Abstract

AbstractMany scholars contend that the “Glorious” Revolution of 1688 restrained governmental abuses in Britain by preventing the Crown from engaging in irresponsible behavior. However, the question of whether it imposed similar restraints on Parliament has received limited scrutiny. This oversight applies in particular to the religious sphere and outside of England. Rather than create the general conditions for liberty, we contend that the institutional legacy of the Revolution of 1688 was biased toward those in the winning coalition and that its positive effect on liberty is overstated.

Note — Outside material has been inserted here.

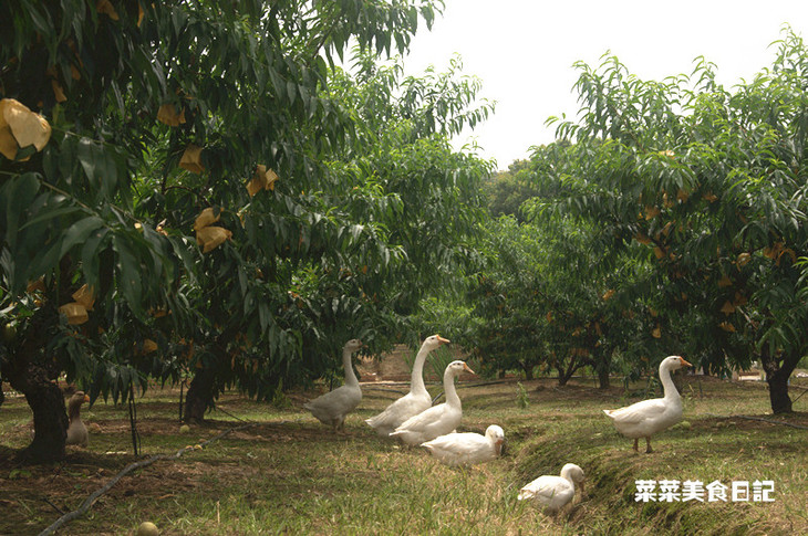 桃树林里的鸡鸭白鹅们,在我们面前闲庭信步。

Analyzing the institutional legacy of the Glorious Revolution on religion in Scotland, we use narrative evidence and systematic evaluation of legislation to show that, rather than establishing the conditions for religious liberty in Britain, the revolution transferred power from one denomination to the other. The arbitrary religious repression symptomatic of the prerevolutionary Crown persisted because the religious liberties enshrined in the Revolution depended largely on whether a group was a member of its winning coalition. Whereas the Crown and the Episcopalians suppressed the Presbyterians prior to 1688, afterward an alliance between the Scottish Presbyterians and the English Parliament reinstated Presbyterianism as the established Scottish Church. This reversal allowed the Presbyterians to suppress the Episcopalians. Religious tolerance and attendant civil rights expanded only with secularization in the nineteenth century when the political representation of other denominations and religions increased and factionalism undercut Presbyterian monopoly.